My above code suggestion doesn't make any difference. Either the compiler or the CPU must already be avoiding the extra fetching I was trying to get rid of.
It did make a difference to avoid the push_back calls in merge(). Apparently they cause a reallocation of the vectors. Instead I adding bounds checking to the merge loop. I guess an alternative would be to use reserve to make the vectors big enough before the copy and append.

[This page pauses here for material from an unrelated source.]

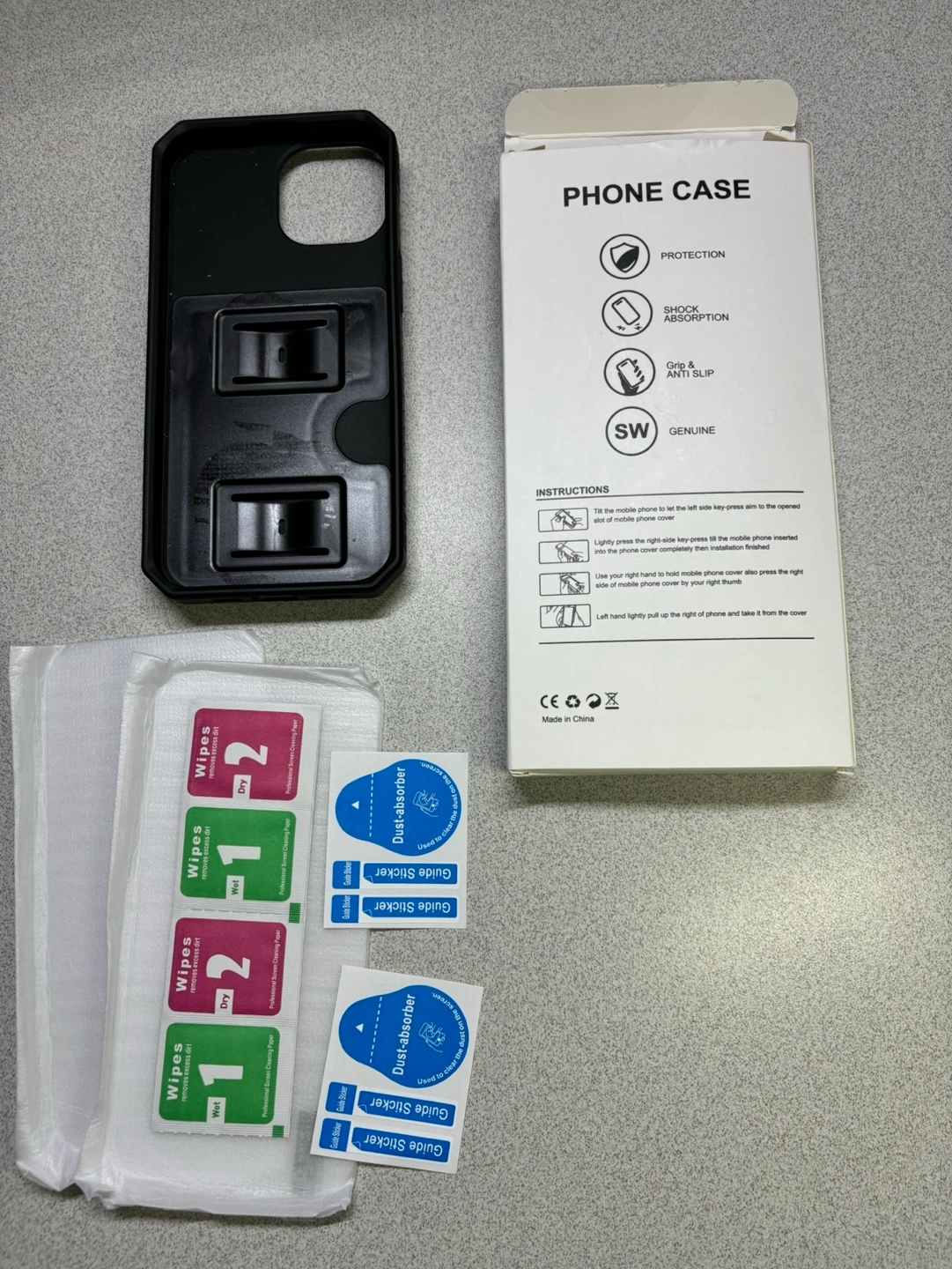 23New phone case and screen protector. Includes installation wipes and stickers. Black case for mobile phone. Professionally designed.

I also tried parallelizing merge to see if it really was an issue doing it serially. I could only see to split the work into two parts (not recursively) by merging n/2 elements from the beginning and n-n/2 elements from the end in parallel. That didn't make any difference in total timing values, which further supports memory access being the bottleneck (though an error on my part is quote likely).

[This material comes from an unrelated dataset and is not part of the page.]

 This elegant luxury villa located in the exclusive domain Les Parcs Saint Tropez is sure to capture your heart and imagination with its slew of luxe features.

Below is the parallel merge code:
template <class In>
void merge_partial(In itl, In itle, In itr, In itre, In b, In e, int n, bool le) {
auto itm = b;
for (;n != 0;n--){
if( le ? (*itl <= *itr) : (*itl >= *itr)) {
*itm++ = *itl++;
if (itl == itle) { // all the rest from the right
for (;n != 0;n--)
*itm++ = *itr++;
break;
}
}
else {
*itm++ = *itr++;
if (itr == itre) { // all the rest from the left
for (;n != 0;n--)
*itm++ = *itl++;
break;
}
}
}
}
...
if(dis > 500) {
tbb::parallel_invoke([&] () { merge_sort_parallel(b, m); },
[&] () { merge_sort_parallel(m, e); });
std::vector<typename In::value_type> left(b, m);
std::vector<typename In::value_type> right(m, e);
auto n = std::distance(b, e);
auto itl = std::begin(left);
auto itle = std::end(left);
auto itr = std::begin(right);
auto itre = std::end(right);
tbb::parallel_invoke(
[&] () { merge_partial(itl, itle, itr, itre, b, e, n / 2, true); },
[&] () { merge_partial(reverse_iterator<In>(itle), reverse_iterator<In>(itl),
reverse_iterator<In>(itre), reverse_iterator<In>(itr),
reverse_iterator<In>(e), reverse_iterator<In>(b),
n - n / 2, false); });
}